D’un point de vue scientifique, des expériences complémentaires peuvent être envisagées afin de mieux comprendre l’effet de dépolymérisation du réseau silicaté sous irradiation

électronique. On peut par exemple élaborer un verre d’une composition chimique proche de celle du gel d’altération, pour vérifier si la différence de composition permet d’expliquer la différence de comportement sous irradiation. Pour confirmer le rôle protecteur de l’eau porale qui est soupçonné lors d’irradiations électroniques, des irradiations à très basse température pourraient être envisagées par exemple : cela figerait les interactions possibles avec l’eau et devrait donc augmenter l’impact de l’irradiation sur la création de défauts.
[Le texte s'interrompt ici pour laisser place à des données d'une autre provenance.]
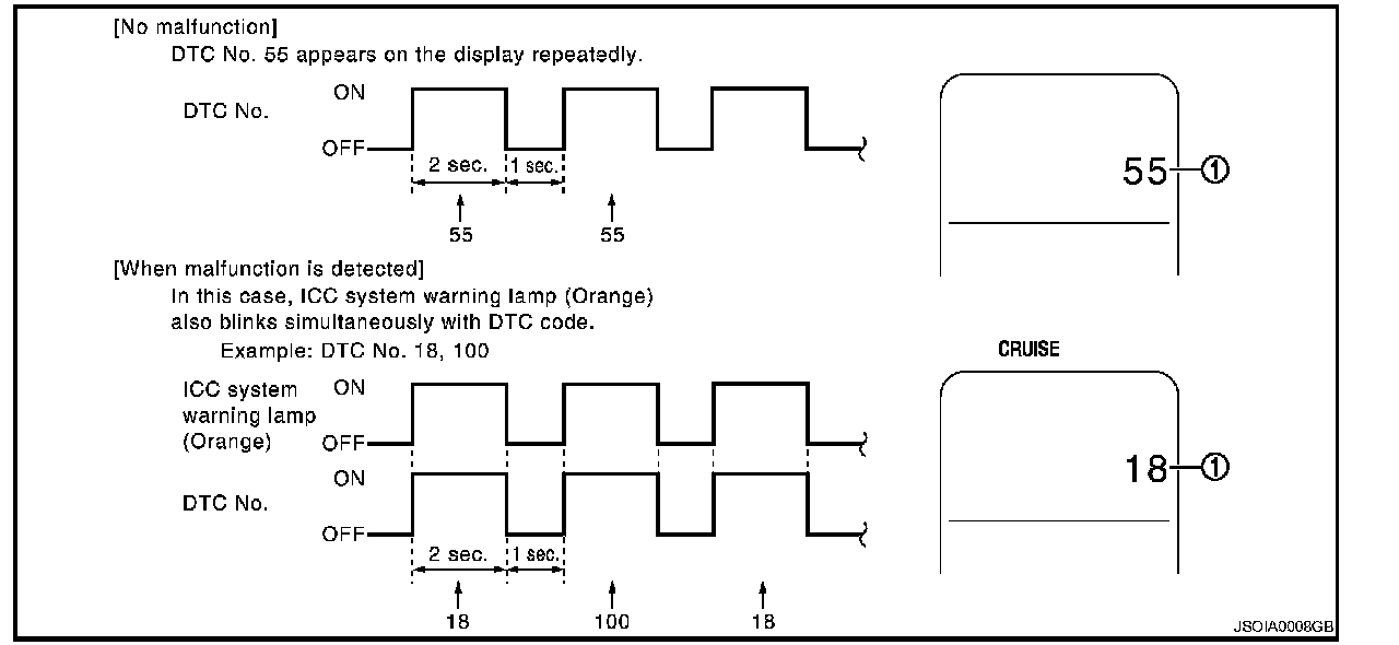 The DTC is displayed on the information display by operating the ICC steering switch.
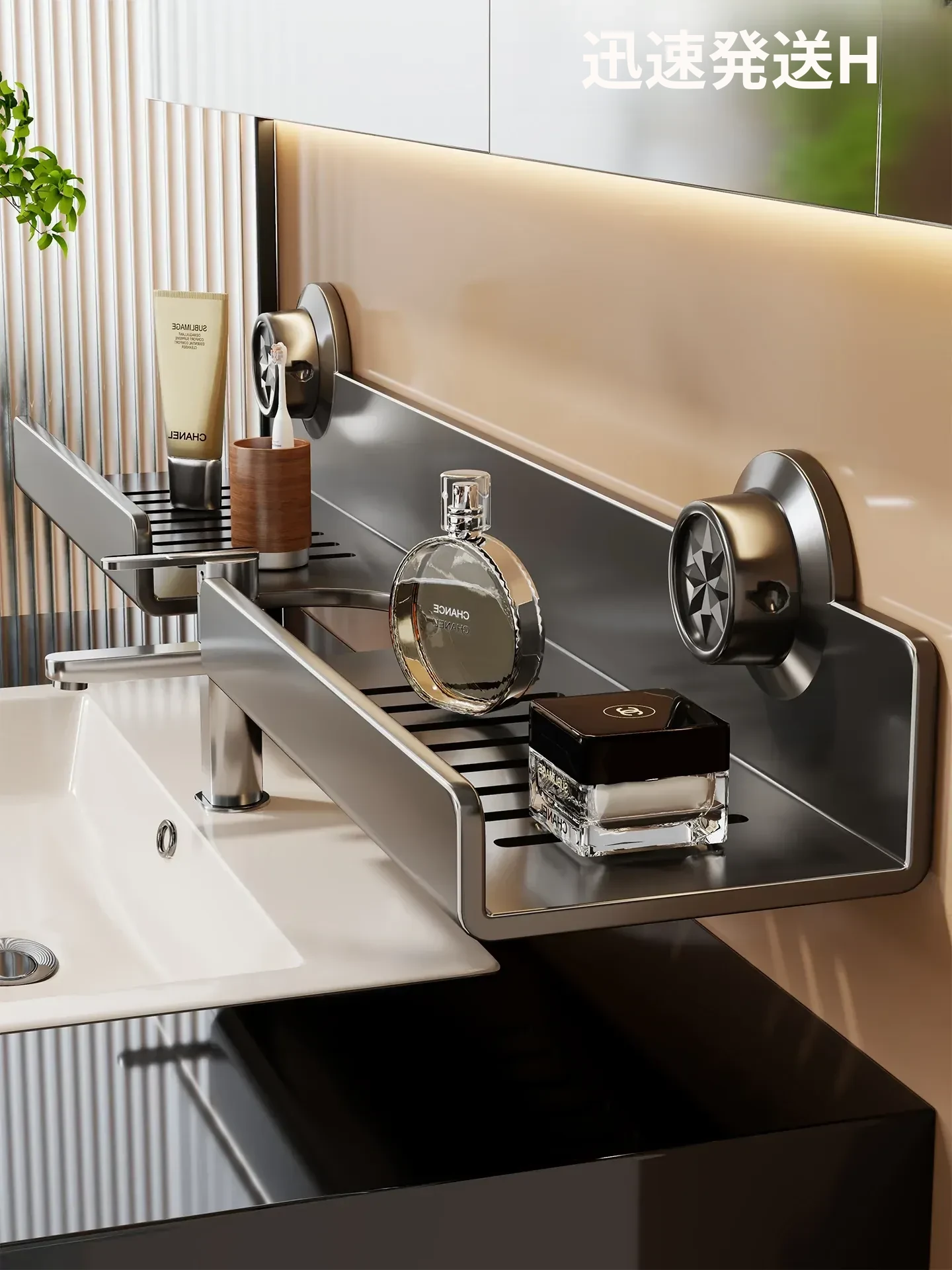 鏡の前に最適!トイレ・バスルーム用 の 丸型壁掛け収納棚 - 洗面台や水栓にぴったりの穴あけ不要デザインで、スッキリ整理整頓!お洒落で実用的なバスルーム収納を実現!

EFFET D’UN DÉPÔT D’ÉNERGIE BALISTIQUE SUR L’ALTÉRATION D’UN VERRE SIMPLE

L’objectif de ce chapitre est d’étudier l’effet d’un dépôt d’énergie principalement balistique dans un verre de composition simplifiée sur le développement de la pellicule d’altération en régime de vitesse résiduelle. Ce dépôt d’énergie a été réalisé en utilisant une irradiation externe avec des ions or multi-énergies, puis le verre a été mis en altération de façon à atteindre rapidement le régime de vitesse résiduelle. La pellicule d’altération ainsi formée a été caractérisée ex-situ par différentes techniques.

1 INTRODUCTION

Dans le cas d’un stockage en formation géologique profonde, l’arrivée de l’eau au contact du colis est prévue après plusieurs milliers d’années. Le verre étant émetteur α/β/γ, il aura alors cumulé une dose importante (Cf. Figure 11). Nous avons vu qu’un dépôt d’énergie purement électronique sur le verre initial avait peu d’effet sur son altération. Qu’en est-il alors d’un dépôt d’énergie balistique ?

Deux aspects sont à prendre en compte. D’une part, la dose cumulée avant l’arrivée de l’eau au contact du colis, d’autre part la dose cumulée pendant l’altération du verre (endommagement et altération simultanés). L’étude présentée dans ce chapitre a pour objectif d’apporter des éléments de réponse à la première question, c’est-à-dire d’étudier l’effet d’une pré-irradiation balistique du verre sur son comportement à l’altération, mise en œuvre ensuite hors irradiation.

La démarche expérimentale entreprise pour ces expériences a été décrite dans la partie 2.1.3.3 du Chapitre 2. Pour rappel, l’étude s’est concentrée sur deux verres de composition simplifiée, un verre Z4C4-Eu et un verre ISG. Des monolithes ont été irradiés avec des ions Au de différentes énergies pour créer un endommagement constant sur une profondeur d’environ 1 μm, sur la moitié de la surface du monolithe (Figure 98). Dix doses balistiques croissantes ont été utilisées, d’une valeur comprise entre 1,15.1019 et 3,34.1021 keV.cm-3.

Figure 98 – Principe de mise en œuvre des irradiations aux ions Au

Ces monolithes, situés dans un même réacteur pour une composition donnée, ont ensuite été recouverts de poudre de verre (granulométrie 40-63 µm) et altérés dans de l’eau initialement pure, à 90 °C, à fort S/V (200 cm-1) et ils ont été prélevés à des échéances régulières. La pellicule d’altération a été par la suite caractérisée sur les différents monolithes, dans la partie irradiée et dans la partie non irradiée. L’ensemble des caractérisations réalisées sera présenté dans un premier temps, puis ces résultats seront discutés en fin de chapitre.